Scalable State Machine Replication

Staff - Faculty of Informatics

Start date: 16 February 2016

End date: 17 February 2016

You are cordially invited to attend the PhD Dissertation Defense of Eduardo BEZERRA on Tuesday, February 16th 2016 at 14h30 in room SI-008 (Informatics building)

Abstract:
Redundancy provides fault-tolerance. A service can run on multiple servers that replicate each other, in order to provide service availability even in the case of crashes. A way to implement such a replicated service is by using techniques like state machine replication (SMR). SMR provides fault tolerance, while being linearizable, that is, clients cannot distinguish the behaviour of the replicated system to that of a single-site, unreplicated one. However, having a fully replicated, linearizable system comes at a cost, namely, scalability - by scalability we mean that adding servers will always increase the maximum system throughput, at least for some workloads. Even with a careful setup and using optimizations that avoid unnecessary redundant actions to be taken by servers, at some point the throughput of a system replicated with SMR cannot be increased by additional servers; in fact, adding replicas may even degrade performance. A way to achieve scalability is by partitioning the service state and then allowing partitions to work independently. Having a partitioned, yet linearizable and reasonably performant service is not trivial, and this is the topic of research addressed here.

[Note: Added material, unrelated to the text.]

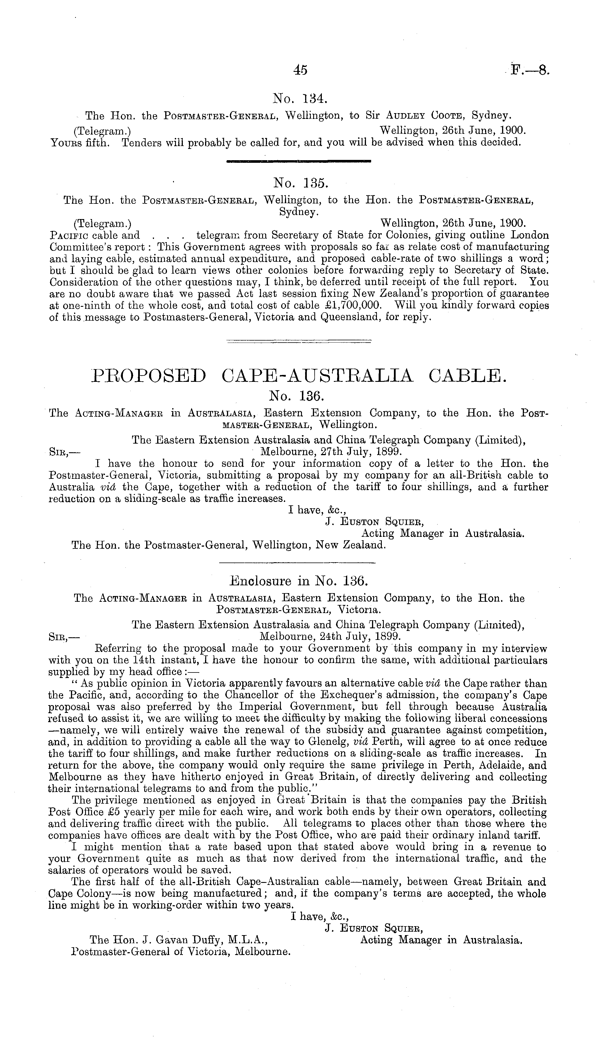 Enclosure in No. 136. The Acting-Managee in Austealasia, Eastern Extension Company, to the Hon. the Postmasteb-Geneeal, Victoria. The Eastern Extension Australasia and China Telegraph Company (Limited), Sib,— Melbourne, 24th July, 1899. Referring to the proposal made to your Government by this company in my interview with you on the 14th instant, I have the honour to confirm the same, with additional particulars supplied by my head office : — " As public opinion in Victoria apparently favours an alternative cable via the Cape rather than the Pacific, and, according to the Chancellor of the Exchequer's admission, the company's Cape proposal was also preferred by the Imperial Government, but fell through because Australia refused to assist it, we are willing to meet the difficulty by making the following liberal concessions —namely, we will entirely waive the renewal of the subsidy and guarantee against competition, and, in addition to providing a cable all the way to Glenelg, via Perth, will agree to at once reduce the tariff to four shillings, and make further reductions on a sliding-scale as traffic increases. In return for the above, the company would only require the same privilege in Perth, Adelaide, and Melbourne as they have hitherto enjoyed in Great Britain, of directly delivering and collecting their international telegrams to and from the public." The privilege mentioned as enjoyed in Great Britain is that the companies pay the British Post Office £5 yearly per mile for each wire, and work both ends by their own operators, collecting and delivering traffic direct with the public. All telegrams to places other than those where the companies have offices are dealt with by the Post Office, who are paid their ordinary inland tariff. I might mention that a rate based upon that stated above would bring in a revenue to your Government quite as much as that now derived from the international traffic, and the salaries of operators would be saved. The first half of the all-British Cape-Australian cable —namely, between Great Britain and Cape Colony—is now being manufactured; and, if the company's terms are accepted, the whole line might be in working-order within two years. I have, &c, J. Euston Squiee, The Hon. J. Gavan Duffy, M.L.A., Acting Manager in Australasia, Postmaster-General of Victoria, Melbourne.

To allow systems to scale, while at the same time ensuring linearizability, we propose and implement the following ideas: (i) Scalable State Machine Replication (S-SMR), (ii) Optimistic Atomic Multicast (Opt-amcast), and (iii) Fast S-SMR (Fast-SSMR). S-SMR is an execution model that allows the throughput of the system to scale linearly with the number of servers without sacrificing consistency. To provide faster responses for commands, we developed Opt-amcast, which allows messages to be delivered twice: one delivery guarantees atomic order (conservative delivery), while the other is fast, but not always guarantees atomic order (optimistic delivery). The implementation of Opt-amcast that we propose is called Ridge, a protocol that combines low latency with high throughput. Fast-SSMR is an extension of S-SMR that uses the optimistic delivery of Opt-amcast: while a command is atomically ordered, some precomputation can be done based on its fast, optimistically ordered delivery, improving response time.

Dissertation Committee:

  • Prof. Fernando Pedone, Università della Svizzera italiana, Switzerland (Research Advisor)
  • Prof. Mehdi Jazayeri, Università della Svizzera italiana, Switzerland (Internal Member)
  • Prof. Nate Nystrom, Università della Svizzera italiana, Switzerland (Internal Member)
  • Prof. Benoît Garbinato, Université de Lausanne, Switzerland (External Member)
  • Prof. Rui Oliveira, Universidade do Minho, Portugal (External Member)